Quivi giunti, Manciadi con grande sorpresa del compagno, si mise a fischiare un’arietta malinconica, giammai udita nella jungla nera.

- Cosa fai? - gli chiese Aghur.

- Fischio, - rispose Manciadi tranquillamente.

- Farai fuggire l’elefante.

- Anzi lo attiro. Gli elefanti amano la musica e, quando la odono, accorrono.

- To’! non l’ho mai saputo.

- Cammina, Aghur, e guardati ben d’attorno. Sai tu dove trovasi uno stagno?

- Qui vicino.

- Andiamo.

Aghur, quantunque tuttociò gli sembrasse assai strano, ubbidì.. Prese un sentieruccio appena visibile e condusse il compagno sulle rive di un piccolo stagno contornato da ammassi di pietre rozzamente scolpite rovine di un’antica pagoda.

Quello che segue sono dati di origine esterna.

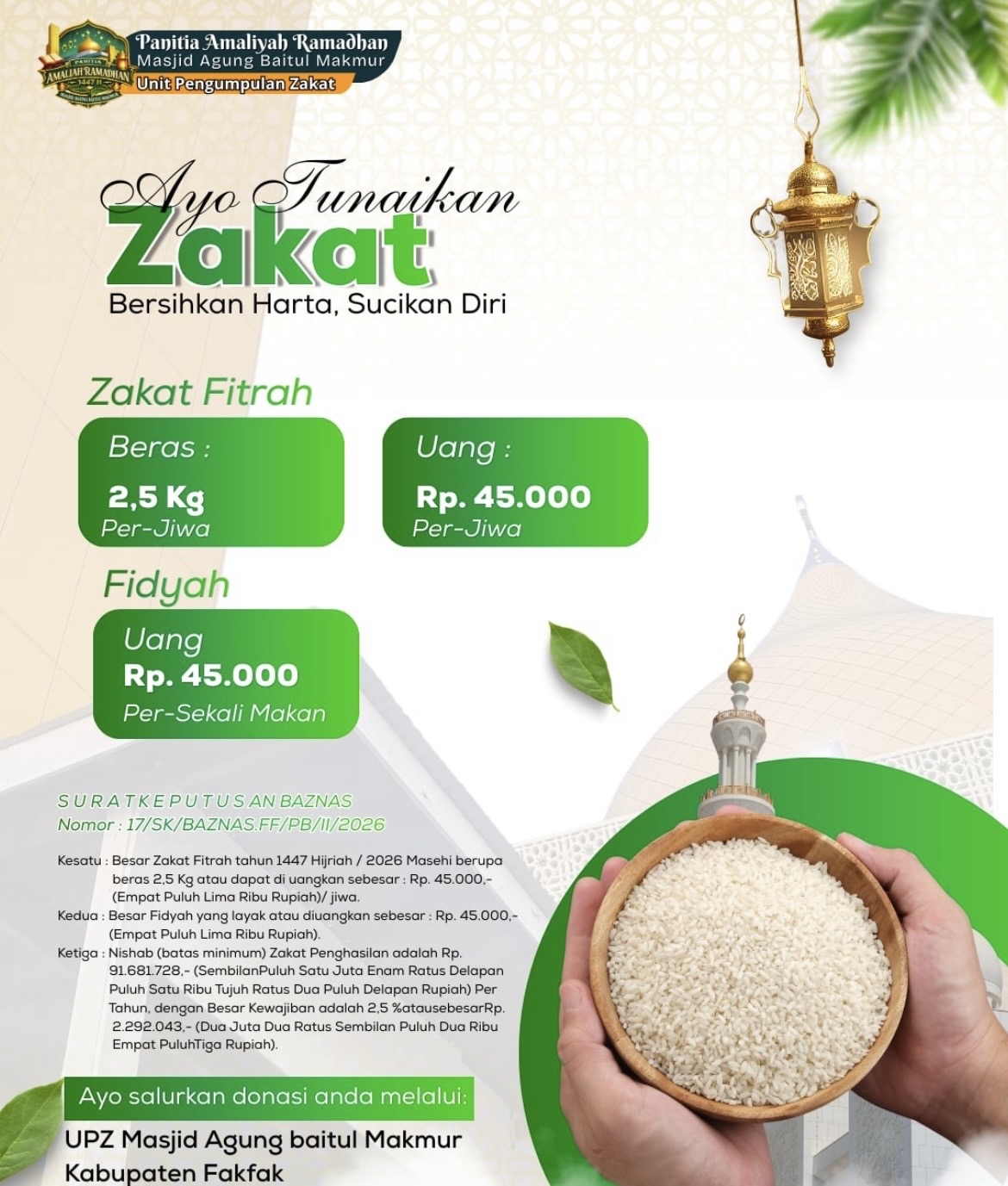 EMBARANMEDIA.COM, FAKFAK – Dalam rangka memudahkan masyarakat menunaikan kewajiban zakat di bulan suci Ramadhan, Unit Pengumpul Zakat (UPZ) Masjid Agung Baitul Makmur Fakfak resmi membuka posko layanan zakat dari 20 Ramadhan 1447 Hijriah.
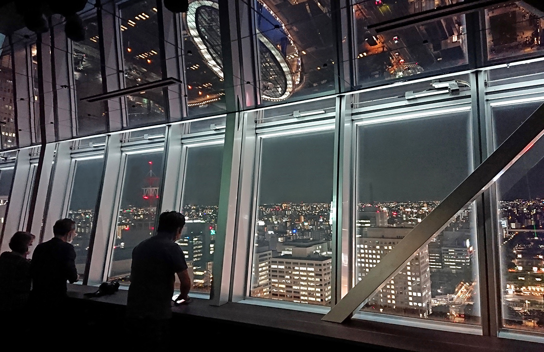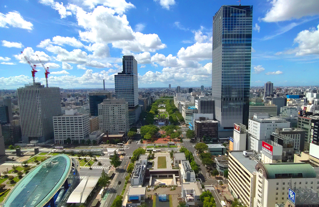 地上90メートルに位置する屋内展望台スカイデッキでは、大都市名古屋の景色を一望することができ、夜の景色は日本夜景遺産に認定されています。展望台の天井に設置されたミラーに外の景色が映り込むこれまでにない景観は必見。夜は季節に合わせたプロジェクションマッピングによる映像と音響で名古屋の夜景を彩ります。
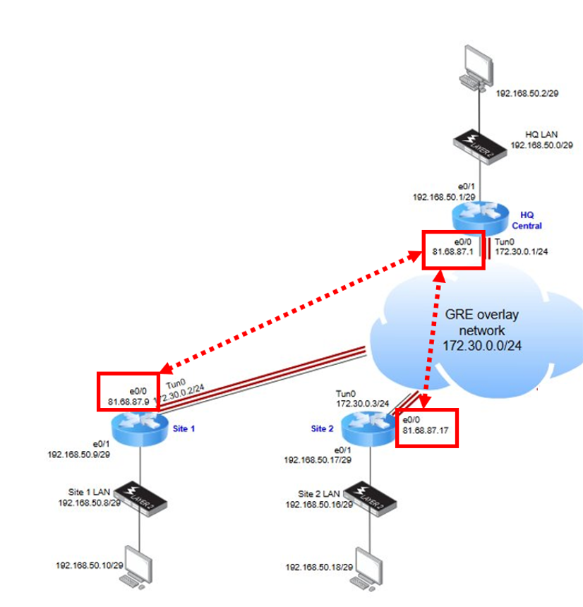 - Local: WAN IP address of the HUB / Spoke 1 / Spoke 2
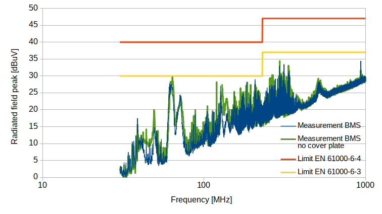 Das BMS erfüllt die allgemeine EMV Norm hinsichtlich Abstrahlung sowohl für Industrie als auch Heimgebrauch.
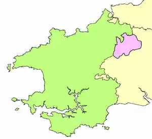 Llanfyrnach Rural District Council was created in 1894 from the part of Newcastle in Emlyn Poor Law Union situated in Pembrokeshire and consisted of six civil parishes: Capel Colman, Castellan, Clydau, Llanfyrnach, Penrydd, and West Cilrhedyn. It continued to be administered by Newcastle Emlyn.[1]
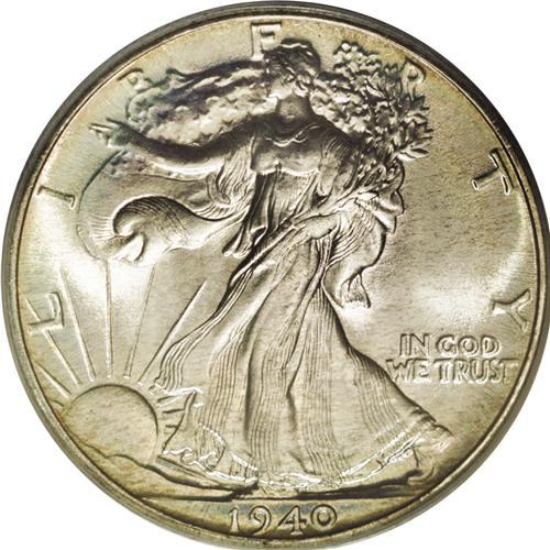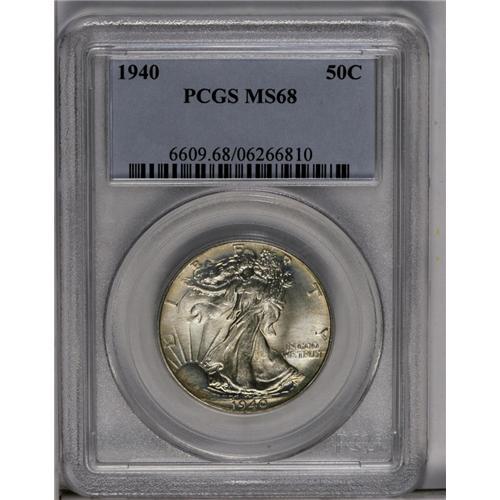 <B>1940<50C> MS68 PCGS.</B></I> Well struck and highly lustrous with amazingly clean surfaces. A light golden patina near the obverse borders is mingled with pastel aqua and pink-red coloration. The 1940 Walking Liberty half dollar is right up there among the best produced issues in the series, perhaps matched only by the P-mint issues from the preceding and following year. Population: 19 in 68, 0 finer (5/06).
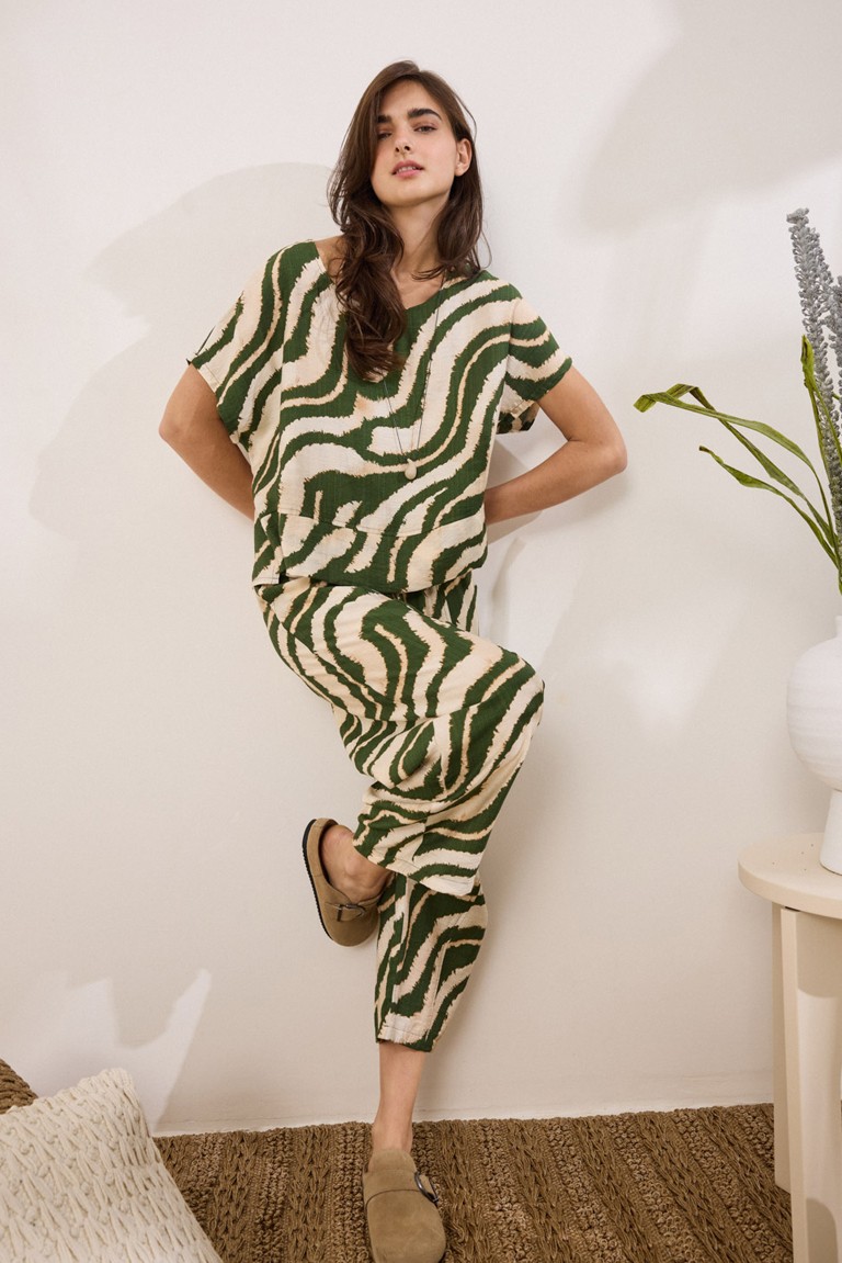 Cropped trousers made of viscose, with a two-tone geometric print. It features sharp pockets on the front, decorative fillets on the back, and a comfortable carrot line, while the elastic at the waist offers extra comfort. The combination with the BENITEZ tunic made of the same fabric completes a harmonious, modern ensemble. 85% viscose, 15% polyester Designed and made in Greece

- Tu rimarrai qui, - gli disse il bengalese. - Io batto il bosco e scovo l’elefante, poiché qui dev’essere nascosto.

Si mise sotto il braccio la carabina e si allontanò senza aggiungere sillaba. Appena fu certo di non essere né veduto, né udito, si mise a correre rapidamente e si arrestò ai piedi di un palmizio, sul cui tronco vedevasi rozzamente inciso l’emblema misterioso degl’indiani di Raimangal.

- A me ora, diss’egli. - Questo bosco sarà la sua tomba.

Si drizzò quanto era lungo ed emise un fischio. Un segnale eguale vi rispose e qualche minuto dopo, fra il varco di due cespugli appariva la sinistra figura di Suyodhana. Egli incrociò le braccia sul petto, fregiato del serpente dalla testa di donna, e fissò Manciadi con uno sguardo acuto come la punta d’una spilla.

- Figlio delle sacre acque del Gange, sii il benvenuto, - disse il bengalese, toccando la polvere colla fronte.

- Ebbene? - chiese brevemente Suyodhana.

- Siamo battuti.

- Che vuoi tu dire?

- Tremal-Naik è vivo.

Suyodhana divenne ancor più cupo e si conficcò le unghie nelle carni.

- Avrei mancato al colpo? - ringhiò egli. - Eppure il pugnale vendicatore gli squarciò il seno!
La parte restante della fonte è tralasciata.